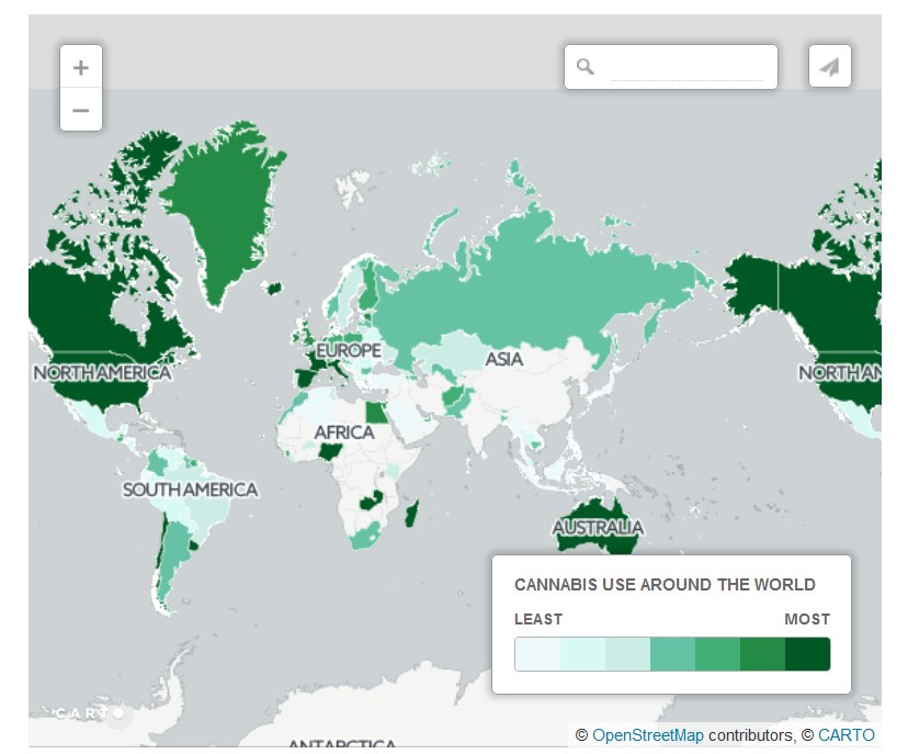 وتشير الإحصائية إلى أن أيسلندا تمتلك النسبة الأكبر على الإطلاق، إذ يستخدم 18% من السكان أحد أشكال القنب.
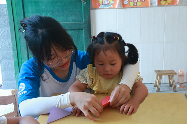 志愿者正在指导孩子如何折纸
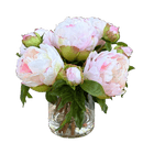 Pink Artificial Peony Flower Arrangement in Tall Glass Vase - 10"

+++

An exact copy of all the data above is required; omit any pictures.

**Output of the task**
 وتشير الإحصائية إلى أن أيسلندا تمتلك النسبة الأكبر على الإطلاق، إذ يستخدم 18% من السكان أحد أشكال القنب.
 志愿者正在指导孩子如何折纸
 Pink Artificial Peony Flower Arrangement in Tall Glass Vase - 10"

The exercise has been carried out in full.